Todos estamos anestesiados,
todos nos abrazamos sin ganas. Los que tiene suerte ya no recuerdan nada, los
otros, pasamos saliva cuando el olor a muerte que nos rodea se vuelve un
poquito más insoportable, más molesto.
¡Cómo molestan
los muertos que no son nuestros!, pero de los que tenemos toda responsabilidad.
Vuelvo a casa,
pero me detengo en una máquina del tiempo en forma de Bar, para tomar cerveza. La
siento como lo único vivo, el único color brillante en el gris taciturno que me
rodea; me gustan sur burbujas, cuando explotan y mueren, más víctimas del ambiente
que de su destino, como nosotros.
Con la cerveza
recuerdo mi niñez esporádicamente feliz, profundamente rota. Recuerdo mi
primera novia y el beso largo en su sala de estar. Recuerdo las malas
decisiones que guiaron las curvas que luego solo fueron caminos rectos.
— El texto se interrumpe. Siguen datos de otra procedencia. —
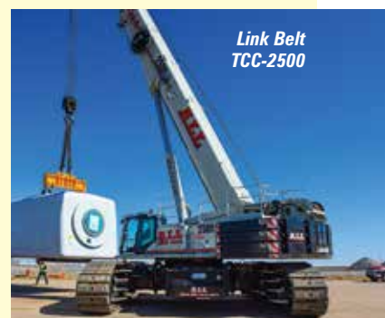
Link Belt TCC-2500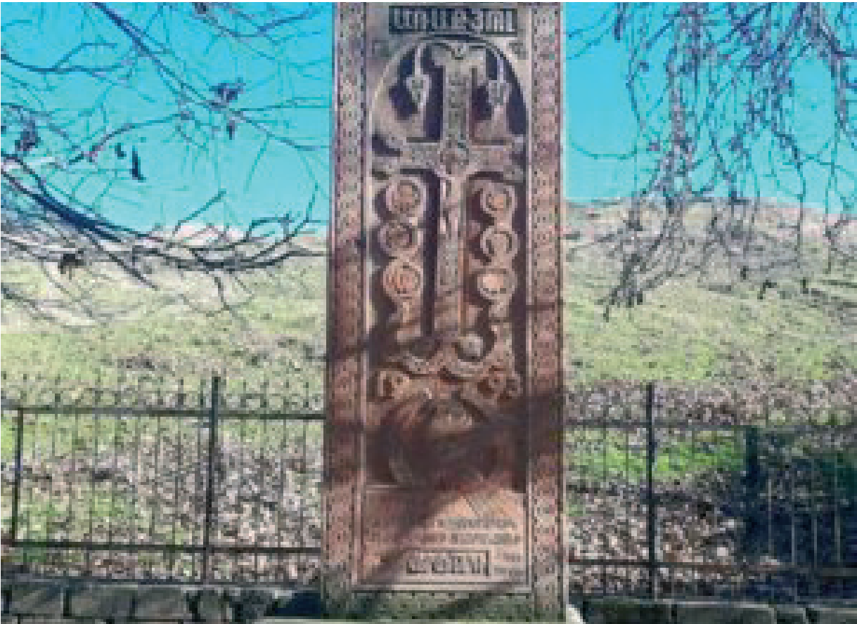
Նկ. 39 Հաղորութի Առաքել գյուղի խաչքարն այժմ չկա: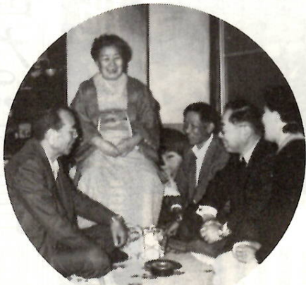
足の不自由な一人暮らしの お年寄りを友愛訪問

いま、都市計画で、墓地の移 転のことが問題になっています が、市街地の墓地は前向きに考 えてもらって、有効な、いわゆ る都市再開発をしてほしいです。 心の面では、前橋の人みんな が、もともと地域意識をも った住民になってもらいたい と思います。 最後に市の行政に期待され ることを願っています。 市長も議会もよくやってくれ てますんで……。まあ、行政で たいせつなのは、予算のムダ使 いをしないこと。もちろんサー ビス低下は困りますが、人件費 はたいへんな額なんです。から 最少の経費で最大の効果を上げ てほしいということです。 それから、地区懇談会でみな さんがいように、まず地域を よくし、そして全体をよくしてい く。犯罪のない、非行のない、 交通事故のない、活気にあふれ た住みよいまちにしたいです。 いものです。文化面について私 はよくわかりませんが、心の ゆとりはたいへん必要だと だと思えます。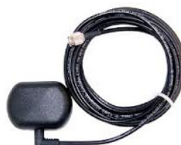
Antenne magnétique 5m

Recuerdo los momentos justos cuando pude decir ¡No!
Ya no queda nadie
con quien hablar, pero todos hablan.
Hablan del plan
que tienen para hacer un plan de vacaciones. De su plan de alimentación sana. De
su plan de no seguir planes. Hablan del clima, del sol que calcina, del frio
que quema, del viento molesto, de la lluvia de mierda. Hablan del mundo que
está terriblemente mal porque ellos no reciclan suficientes bolsas plásticas,
del deber humano de salvarlo todo, aunque ya todo esté jodido por haber
intentado salvarnos ya.
Llego a casa con
el mismo cansancio que tuve al salir, pero con más sudor, con más olor. Lo que
cambia con el fin del día no es el nivel de cansancio, es su exteriorización.
Me quito la ropa,
con la banal idea de que es el disfraz de oficina el que me deprime, y no mi
incapacidad para inmolarme en la mitad del edificio. Se me acabaron los libros,
ahora solo venden con temas de auto-superación. Es una carrera a muerte por la
corrección política y la supremacía de mis acciones sobre las cordilleras de
porquería que me lanzan al vacío. Soy yo el que fracasa, no la policía
que asesina mujeres, no el ejército que mató líderes sociales, no el congreso
que se burla de todos los demás.
Soy yo el que pierde, no el banco que me vendió la idea de una
casa propia. No el vendedor de autos que me dio uno que no puedo pagar. No mi
familia que prefería ver reality shows
que leer a Víctor Hugo, no mi padre que maltrataba a mi madre, no mis amigos
que se llenaron de alcohol.
Soy yo el que no aprendí, no la profesora que odiaba a sus
alumnos, ni el psicólogo que decidió irse de juerga el día que le iban a
enseñar a tratarme bien. No fue la falta de dinero, el exceso de equipaje, la
manía de no poder dejar nada atrás. No fue el sexo sin nombres, las mujeres sin
camisa, el alcohol sin endulzante, las agujas sin esterilizar.
Me acuesto, en el
mismo colchón cubierto de muertos, con las misma sábanas color hueso y las
mismas cobijas de niñas muertas que ya no pueden jugar.
No sueño, me
amputaron esa capacidad.
Comentarios
Publicar un comentario
Habla amigo, y entra.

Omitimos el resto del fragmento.